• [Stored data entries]
- - -
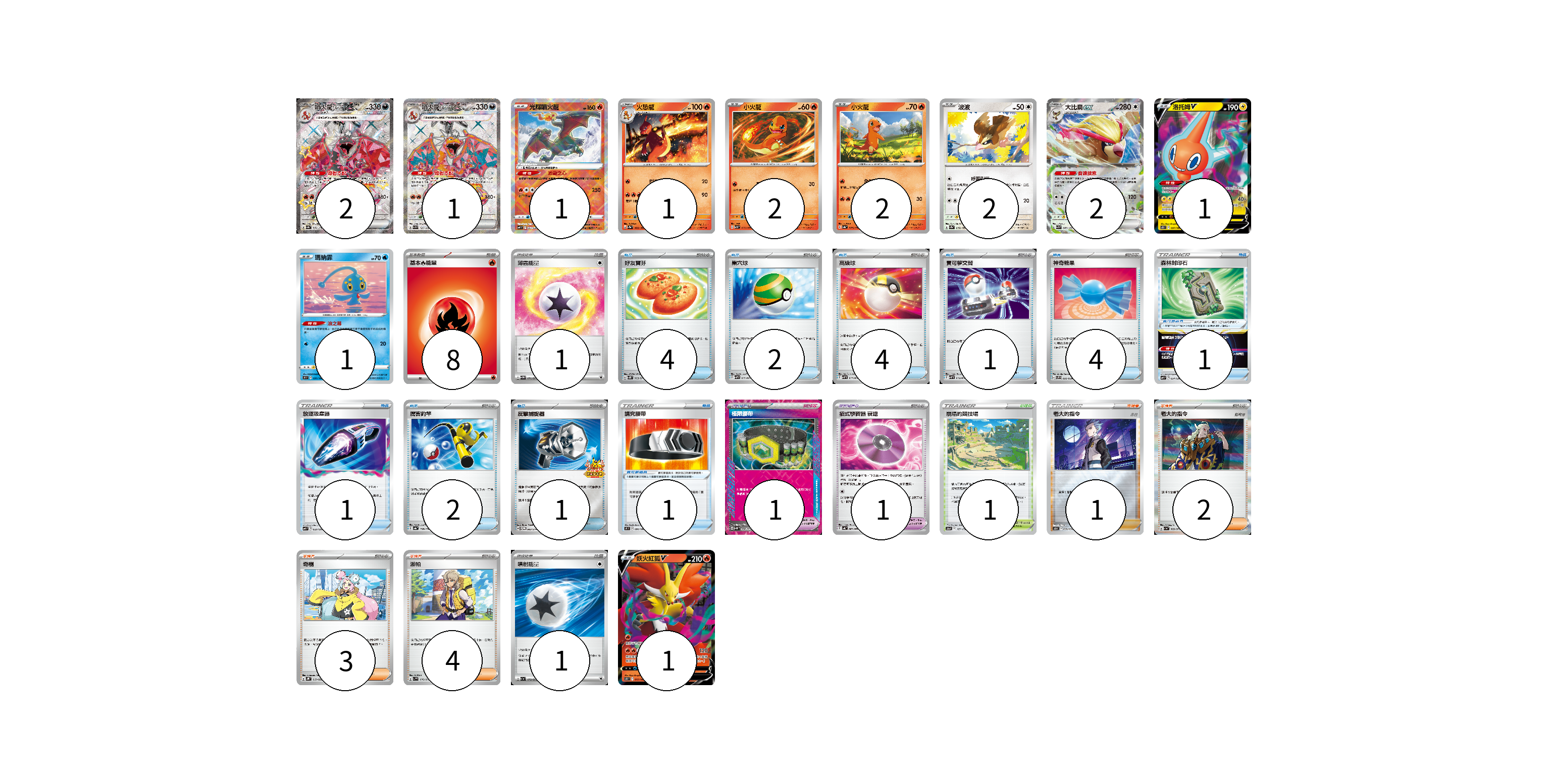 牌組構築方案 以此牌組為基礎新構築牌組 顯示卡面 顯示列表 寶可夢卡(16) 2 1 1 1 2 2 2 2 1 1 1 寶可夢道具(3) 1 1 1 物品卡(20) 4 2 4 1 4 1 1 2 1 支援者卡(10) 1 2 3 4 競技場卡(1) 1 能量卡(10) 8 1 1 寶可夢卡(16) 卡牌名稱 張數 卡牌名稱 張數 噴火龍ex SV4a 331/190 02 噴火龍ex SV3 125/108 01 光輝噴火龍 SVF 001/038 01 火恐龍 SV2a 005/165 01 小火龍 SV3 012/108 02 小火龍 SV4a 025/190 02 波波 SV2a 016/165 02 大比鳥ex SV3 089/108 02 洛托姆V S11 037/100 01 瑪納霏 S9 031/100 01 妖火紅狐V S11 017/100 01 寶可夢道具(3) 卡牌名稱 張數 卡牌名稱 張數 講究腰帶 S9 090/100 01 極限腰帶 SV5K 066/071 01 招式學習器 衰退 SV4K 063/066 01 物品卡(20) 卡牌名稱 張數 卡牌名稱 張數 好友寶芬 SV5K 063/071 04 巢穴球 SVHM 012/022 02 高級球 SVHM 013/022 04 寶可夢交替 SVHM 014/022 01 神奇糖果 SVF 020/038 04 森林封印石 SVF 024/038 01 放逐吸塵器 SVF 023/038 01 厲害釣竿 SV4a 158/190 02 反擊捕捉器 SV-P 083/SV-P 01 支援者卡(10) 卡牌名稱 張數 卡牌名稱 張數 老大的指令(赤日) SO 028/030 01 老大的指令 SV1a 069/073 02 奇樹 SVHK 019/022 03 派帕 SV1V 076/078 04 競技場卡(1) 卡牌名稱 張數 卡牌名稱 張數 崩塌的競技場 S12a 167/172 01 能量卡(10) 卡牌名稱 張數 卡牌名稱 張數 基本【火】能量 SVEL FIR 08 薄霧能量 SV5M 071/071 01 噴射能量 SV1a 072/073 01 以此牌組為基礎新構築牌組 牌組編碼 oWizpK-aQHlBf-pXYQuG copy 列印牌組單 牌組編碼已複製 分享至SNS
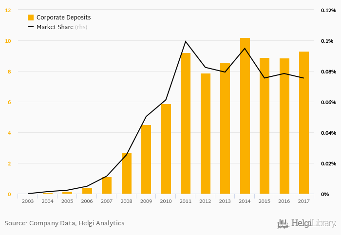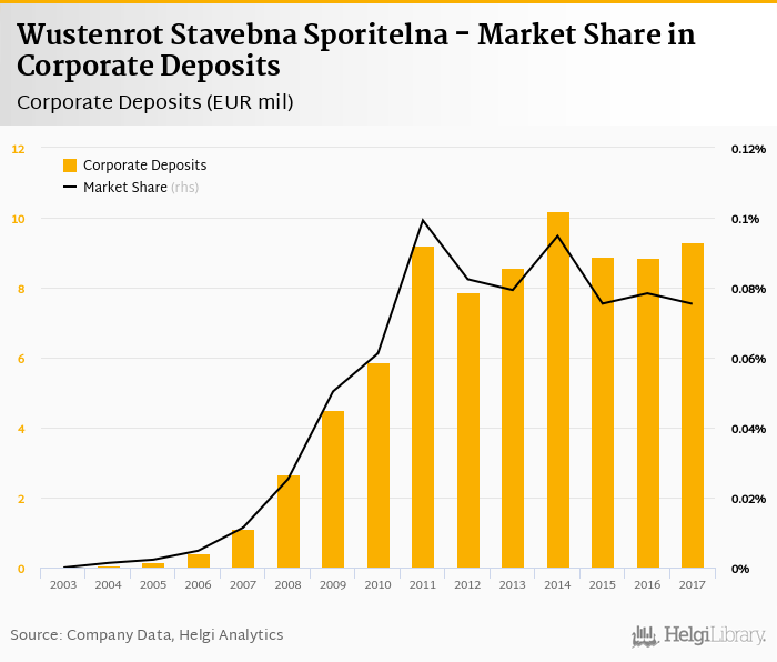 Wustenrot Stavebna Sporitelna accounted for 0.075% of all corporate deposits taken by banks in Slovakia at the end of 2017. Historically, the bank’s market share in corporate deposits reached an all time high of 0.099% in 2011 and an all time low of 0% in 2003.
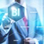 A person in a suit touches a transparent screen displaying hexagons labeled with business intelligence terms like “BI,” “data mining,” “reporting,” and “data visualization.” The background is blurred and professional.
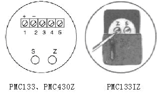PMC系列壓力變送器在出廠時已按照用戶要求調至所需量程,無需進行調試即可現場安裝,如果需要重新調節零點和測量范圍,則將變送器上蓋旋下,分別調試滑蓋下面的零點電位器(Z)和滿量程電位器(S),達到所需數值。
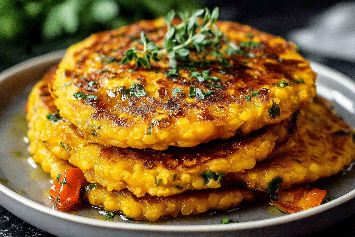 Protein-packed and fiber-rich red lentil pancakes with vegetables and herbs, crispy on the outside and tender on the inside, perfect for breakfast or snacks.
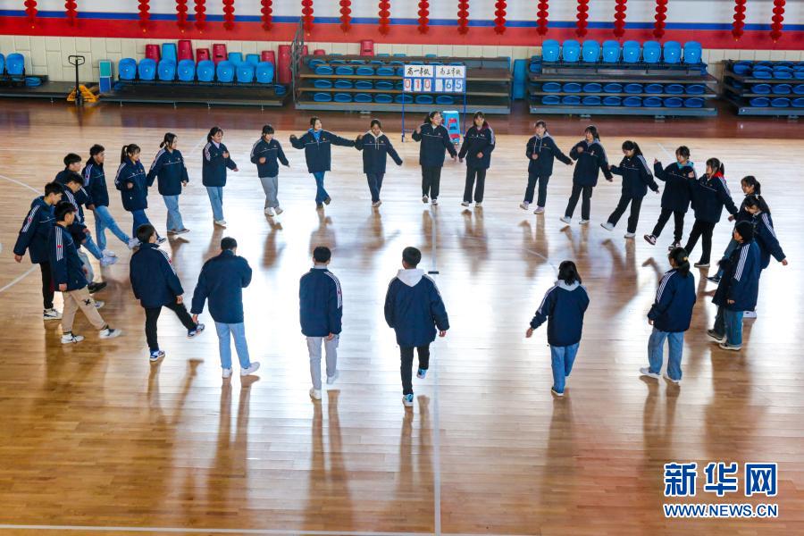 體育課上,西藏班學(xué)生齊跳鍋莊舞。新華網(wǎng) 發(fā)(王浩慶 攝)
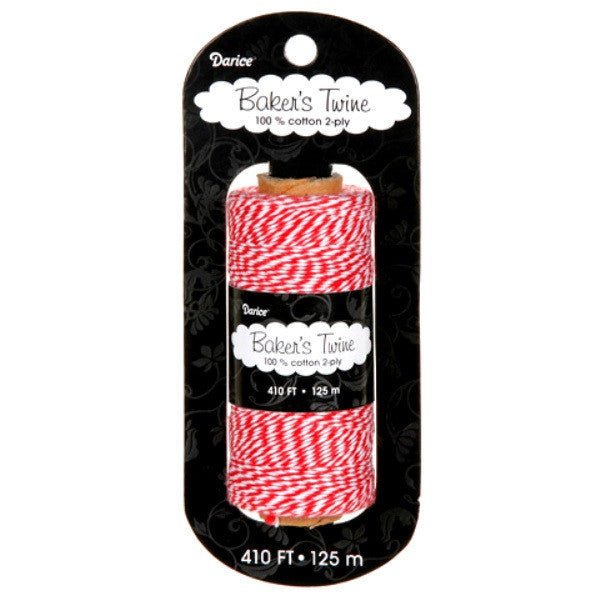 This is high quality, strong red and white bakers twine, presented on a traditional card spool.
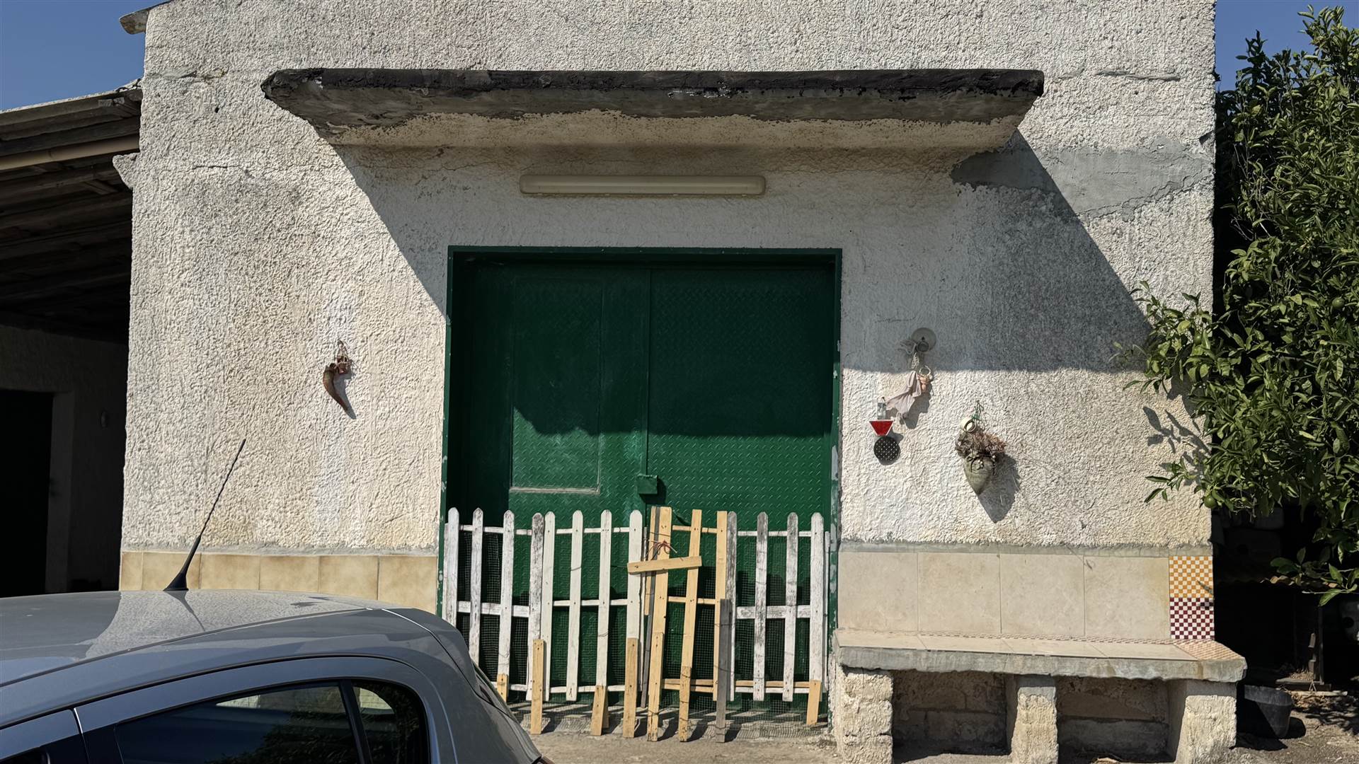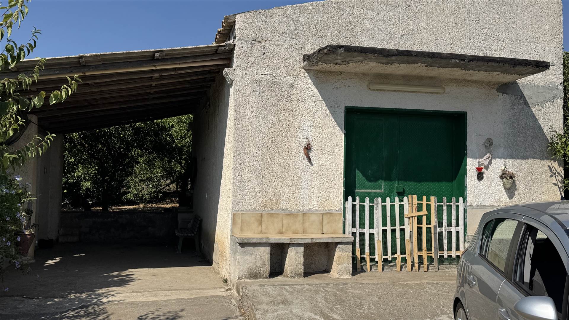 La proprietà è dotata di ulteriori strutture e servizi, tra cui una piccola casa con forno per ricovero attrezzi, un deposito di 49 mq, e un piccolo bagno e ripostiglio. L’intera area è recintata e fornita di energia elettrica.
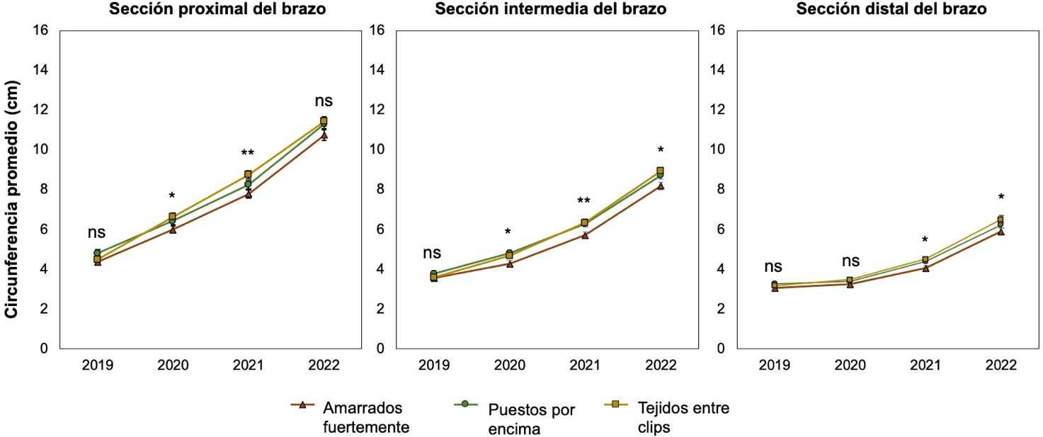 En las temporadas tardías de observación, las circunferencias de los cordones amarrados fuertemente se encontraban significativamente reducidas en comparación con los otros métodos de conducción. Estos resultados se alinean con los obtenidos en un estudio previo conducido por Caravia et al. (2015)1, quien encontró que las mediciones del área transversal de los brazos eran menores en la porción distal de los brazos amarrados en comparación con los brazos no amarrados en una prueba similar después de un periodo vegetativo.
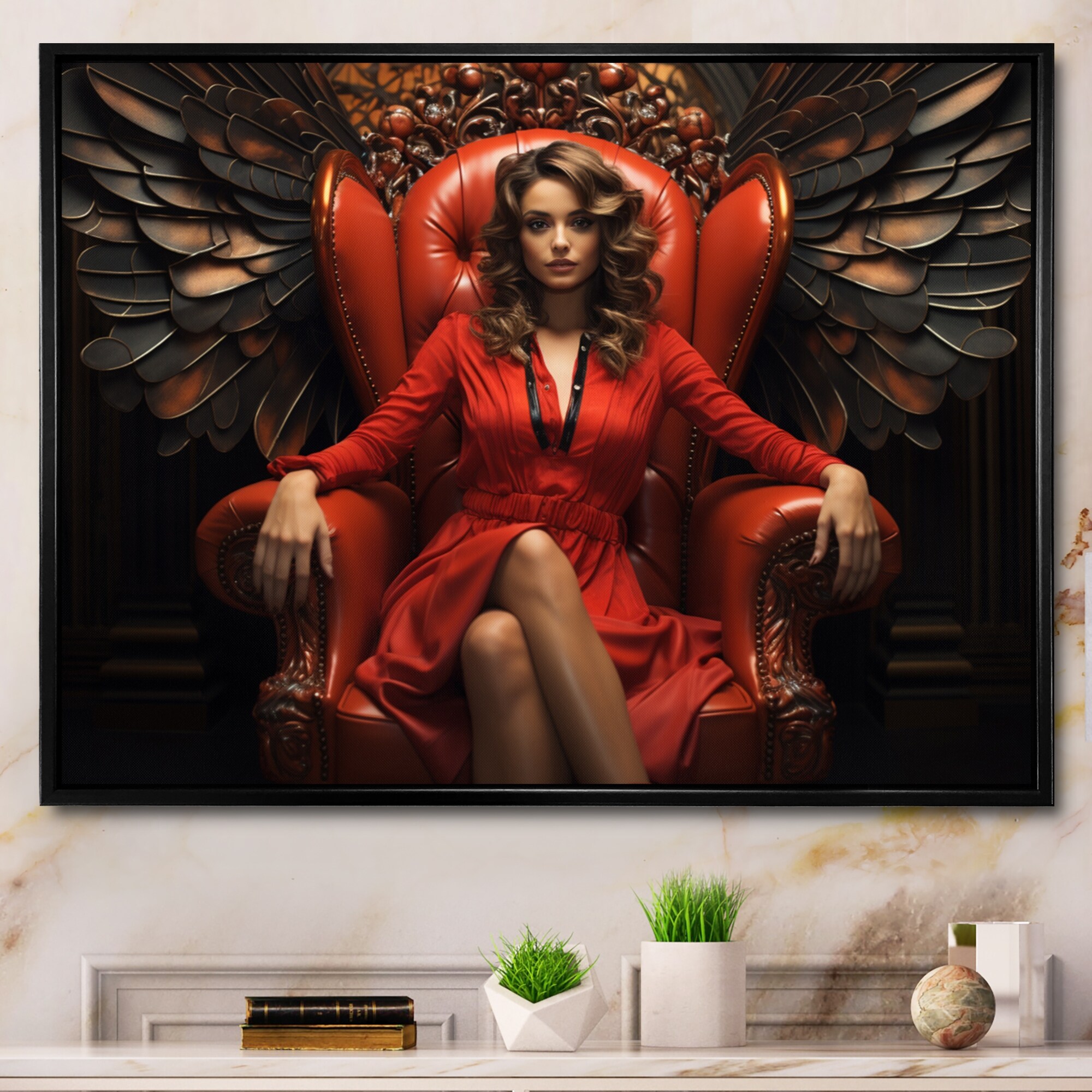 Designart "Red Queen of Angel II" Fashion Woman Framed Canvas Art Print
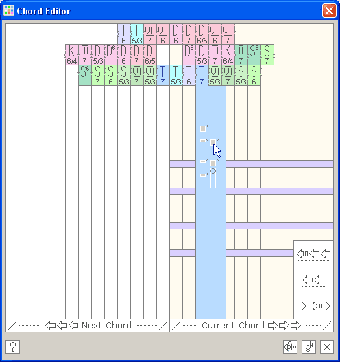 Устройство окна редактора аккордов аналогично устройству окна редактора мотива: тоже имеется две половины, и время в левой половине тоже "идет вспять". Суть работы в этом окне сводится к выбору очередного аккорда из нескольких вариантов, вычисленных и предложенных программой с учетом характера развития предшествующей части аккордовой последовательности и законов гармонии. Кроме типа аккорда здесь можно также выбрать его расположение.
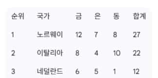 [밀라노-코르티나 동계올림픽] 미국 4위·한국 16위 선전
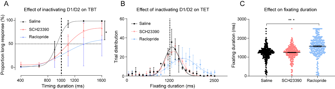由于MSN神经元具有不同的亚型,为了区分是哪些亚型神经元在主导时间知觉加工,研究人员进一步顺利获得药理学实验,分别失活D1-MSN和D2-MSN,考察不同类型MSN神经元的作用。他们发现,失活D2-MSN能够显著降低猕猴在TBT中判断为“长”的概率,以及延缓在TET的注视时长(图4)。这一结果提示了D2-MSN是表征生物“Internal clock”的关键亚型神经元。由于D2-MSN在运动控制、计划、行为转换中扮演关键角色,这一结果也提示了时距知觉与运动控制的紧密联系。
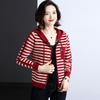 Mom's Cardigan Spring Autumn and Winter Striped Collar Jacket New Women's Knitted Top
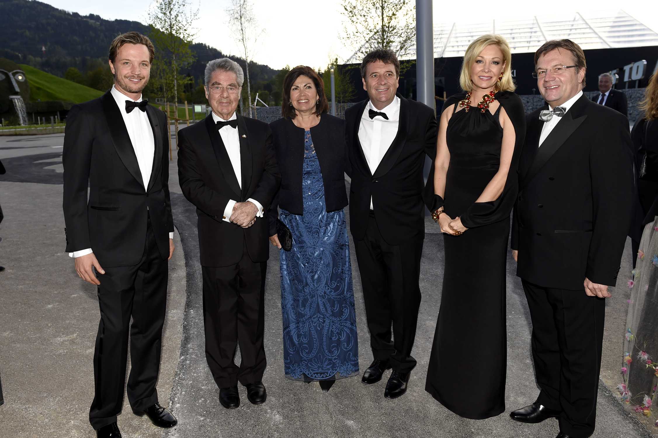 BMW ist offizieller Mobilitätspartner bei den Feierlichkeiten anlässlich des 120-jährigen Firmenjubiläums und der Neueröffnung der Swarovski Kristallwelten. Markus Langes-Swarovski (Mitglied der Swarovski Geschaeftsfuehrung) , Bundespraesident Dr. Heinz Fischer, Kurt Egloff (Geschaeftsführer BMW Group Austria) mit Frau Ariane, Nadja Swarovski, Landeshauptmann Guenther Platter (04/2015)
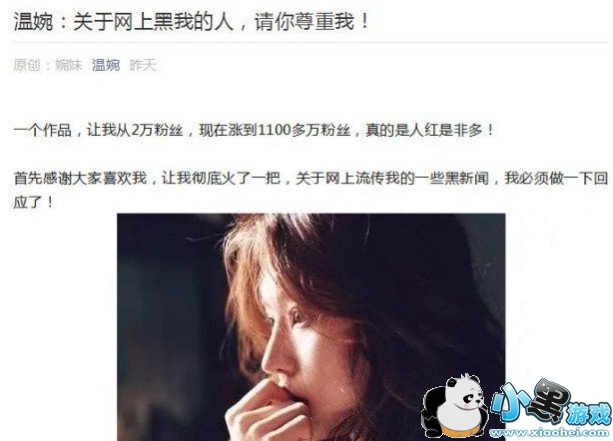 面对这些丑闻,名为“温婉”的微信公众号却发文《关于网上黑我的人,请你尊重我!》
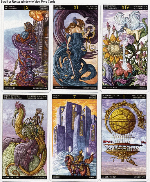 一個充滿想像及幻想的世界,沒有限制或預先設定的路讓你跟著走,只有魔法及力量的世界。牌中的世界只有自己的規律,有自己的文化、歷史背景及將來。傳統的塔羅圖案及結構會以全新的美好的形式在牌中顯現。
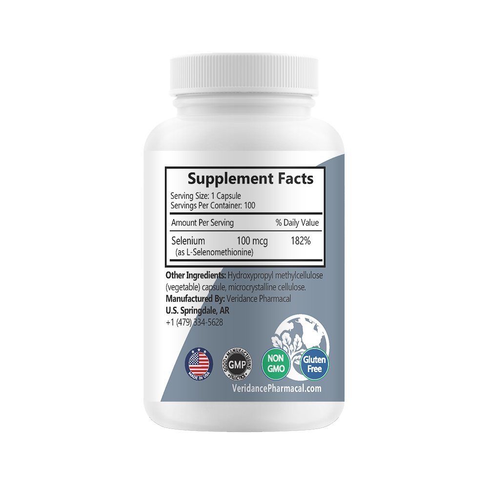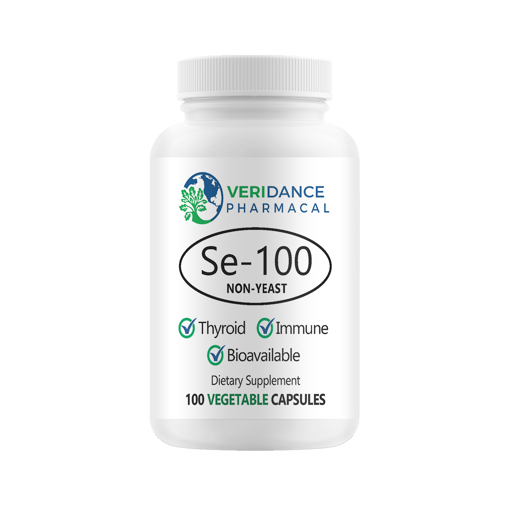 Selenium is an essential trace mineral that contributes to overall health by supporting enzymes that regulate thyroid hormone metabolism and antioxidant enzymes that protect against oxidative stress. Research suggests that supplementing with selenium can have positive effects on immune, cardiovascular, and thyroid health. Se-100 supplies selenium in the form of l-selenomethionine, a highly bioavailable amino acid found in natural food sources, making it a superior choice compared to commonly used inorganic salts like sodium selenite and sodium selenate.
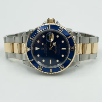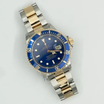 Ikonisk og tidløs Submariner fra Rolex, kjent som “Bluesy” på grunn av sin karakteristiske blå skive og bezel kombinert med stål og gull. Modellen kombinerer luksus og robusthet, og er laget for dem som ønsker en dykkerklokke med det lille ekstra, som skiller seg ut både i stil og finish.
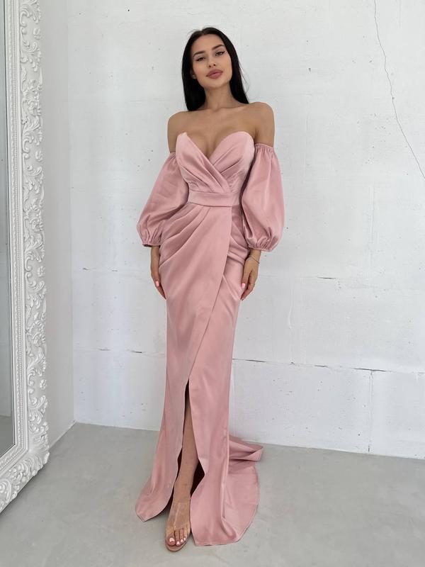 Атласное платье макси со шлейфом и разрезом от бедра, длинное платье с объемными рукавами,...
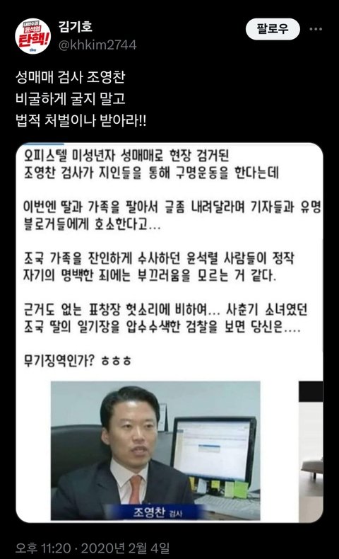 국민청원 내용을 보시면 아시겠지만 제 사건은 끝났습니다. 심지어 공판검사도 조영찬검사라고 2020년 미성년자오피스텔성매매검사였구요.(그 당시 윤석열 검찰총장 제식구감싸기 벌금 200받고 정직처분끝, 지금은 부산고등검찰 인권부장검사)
- - -
Above, find the line holding "Устройство окна редактора" and the line holding "[밀라노-코르티나 동계올림픽] 미국 4위·한국 16위 선전". Print exactly those two lines and every line between them, but no pictures.

• [Task output]
 Устройство окна редактора аккордов аналогично устройству окна редактора мотива: тоже имеется две половины, и время в левой половине тоже "идет вспять". Суть работы в этом окне сводится к выбору очередного аккорда из нескольких вариантов, вычисленных и предложенных программой с учетом характера развития предшествующей части аккордовой последовательности и законов гармонии. Кроме типа аккорда здесь можно также выбрать его расположение.
 [밀라노-코르티나 동계올림픽] 미국 4위·한국 16위 선전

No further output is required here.